There is a clear procedure provided for under Rule 11 (a) of the Constitution of Kenya (Protection of Fundamental Rights and freedoms of the Individual) Practice and Procedure rules, 2001. The Applicant’s complaint would appear to be catered for under rules 9 of the aforesaid rules which provide that:-
“Where contravention of fundamental rights and freedoms is alleged otherwise than in the course of proceedings in a subordinate Court or the High Court, an Application shall be made directly to the High Court….”
And rule 11 (a) of the same rules provides that:-
“Application under rules 5 and 9 of the Rules shall be made by originating summons and the procedure laid down under Order XXXVI of the Civil Procedure Rules shall, as far as practicable, apply.”
Clearly then, a party invoking the provisions of Rule 9 of the rules aforesaid as appears to be the case here can only approach or access the High Court by way of originating summons, and not by a mere Chamber Summons. What has the Applicant done in the instant case? The Applicant has moved this Court by way of Chamber Summons and not originating summons. The Applicant is therefore clearly in breach of Rule 11 (a) of the Rules aforesaid. Is the breach fatal to the Application? It would appear to be so since the rule is couched and or worded in mandatory terms. Further it is provided that once an Application is made under Rule 9, the Procedure laid down under order XXXVI of the Civil Procedure Rules shall as far as practicable, apply. This did not happen in the instant Application. I am of the view that the practice of making an omnibus Application ought to be discouraged in particular in situations where as under Section 84 there are specific rules made guiding an Applicant on how to access the High Court in the event that he/she complains of breach or threat of breach of his or her fundamental rights. It was therefore wrong for the Applicant to have invoked both the provisions of the Criminal Procedure Code alongside the provisions of Section 84 of the Constitution of Kenya.Both have different procedures of invoking the jurisdiction of the Court. I find the Application fatally defective with the consequence that he same is dismissed.
Further I would still have dismissed the Application on the basis of the prayers sought in the Application. The main prayer is couched in the following terms.

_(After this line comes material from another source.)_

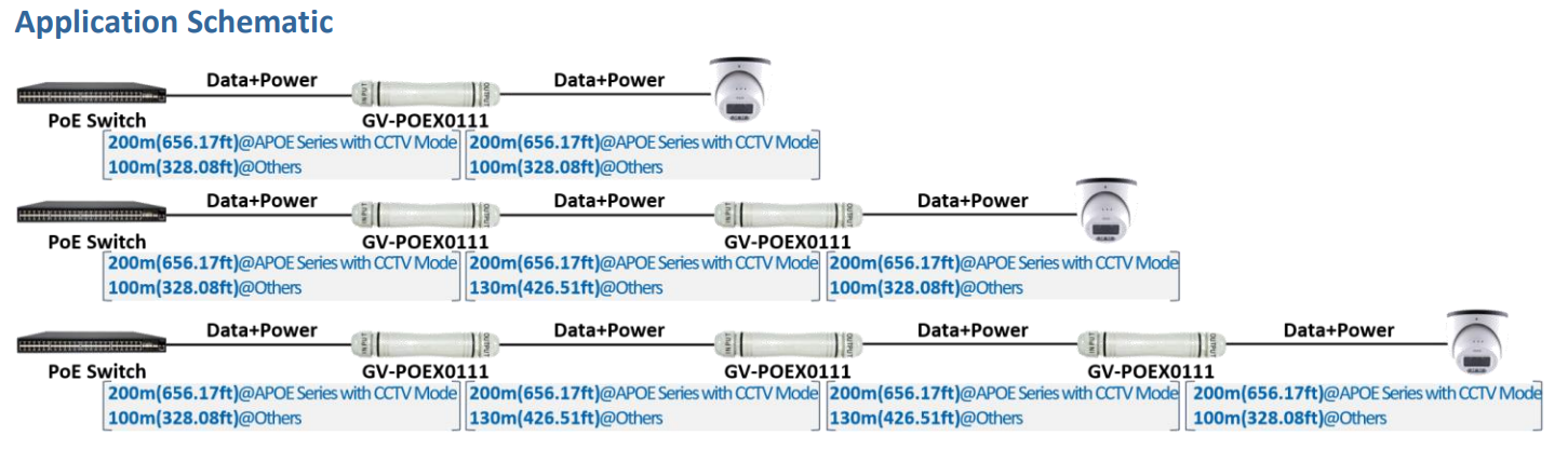 GV-POEX0111 je jednoportový 10/100/1000 PoE prodlužovač (Extender), který může prodloužit vzdálenost mezi PoE switchem a GV-IP kamerou o dalších 100 m. Lze sériově zapojit více zařízení (až 3) a přenášet tak data a napájení GV-IP kamery až 400m z PoE switche.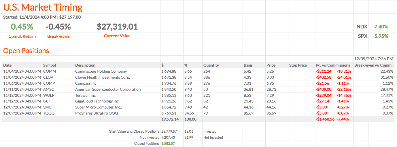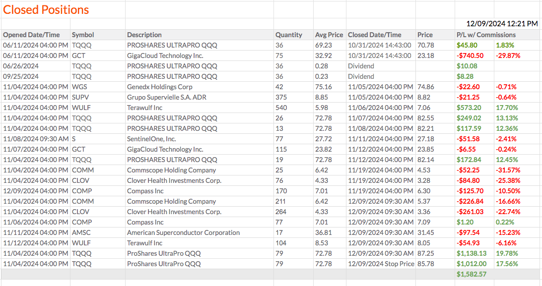 Saí totalmente da posição do TQQQ. Fechei metade na abertura e a outra metade foi fechada com o stop. No entanto, vou comprar novamente e também adicionar a SMCI.

“…..The subject Mradula Suresh Kantaria be arrested by the Honourable Court as may deem fit pending any charges that he Commissioner of Police may desire to prefer against her….”
Obviously this Court cannot arrest the Applicant. What it can do is to grant her anticipatory bail or bail pending arrest to forestall her possible arrest and confinement. Secondly even if this Court had those powers, the way the prayer is worded would not seem to assist the Applicant. Once arrested, what happens thereafter? I would have imagined that the Applicant would go further and pray that upon arrest she should be released on bail pending any further action by Police in preferring Criminal Charge or charges against her. As framed therefore the prayer if granted will be an exercise in futility.
For all the foregoing reasons the Application is deemed in competent and is consequently dismissed with no order as to costs. The interim order issued on 19th May, 2005 are hereby vacated.
Dated at Nairobi this 3rd of October, 2005.